Hear me out. Seriously. I know that it seems gross on the surface. However, a 2018 OnePoll survey conducted in conjunction with Pebble Grey showed that 45% of people polled struggled to find time for themselves. The same study showed that men spend an average of 7hrs a year in the bathroom. A 3rd of the men polled admitted to hiding in the bathroom for quiet time. Well, perhaps that time can be quietly spent writing as opposed to playing Clash Royale–which is clearly what I would be doing if not writing.

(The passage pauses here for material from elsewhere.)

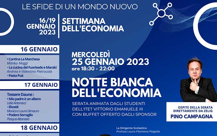 E c’è già aria di fervida attesa per l’arrivo della special guest star dell’appuntamento finale: Pino Campagna, comico e cabarettista foggiano di fama nazionale, uno dei volti principali del programma televisivo Zelig. A compimento della Settimana, infatti, mercoledì 25 gennaio prossimo, dalle ore 18.30 alle 22.00, l’I.T.E.T. di Lucera aprirà le sue porte alla “Notte Bianca dell’Economia”, ricca di laboratori, workshop e presentazione delle attività d’Istituto.

Yes, I am justifying. Don’t we all justify our behaviors and our lack of time in a similar fashion? Doesn’t each of us say, this is ‘how it is’. Don’t some of us pretend to be powerless about ‘how it is’ while simultaneously finding quiet moments for what we really want to be doing–even if we end up having to do it in the bathroom under cover of… well, you get it.

Don’t you get it?

This is a blog about choice. Writing is a choice we either make or don’t. We have the power to decide what matters and what does not matter. We have the choice to grow into ourselves our grow into our circumstances. The fact is we make these choices every day. We just tend to spend less and less time being mindful about the fact that these are our choices.

It is easier to pretend not to be free than to live with the reality of what we do with all that freedom.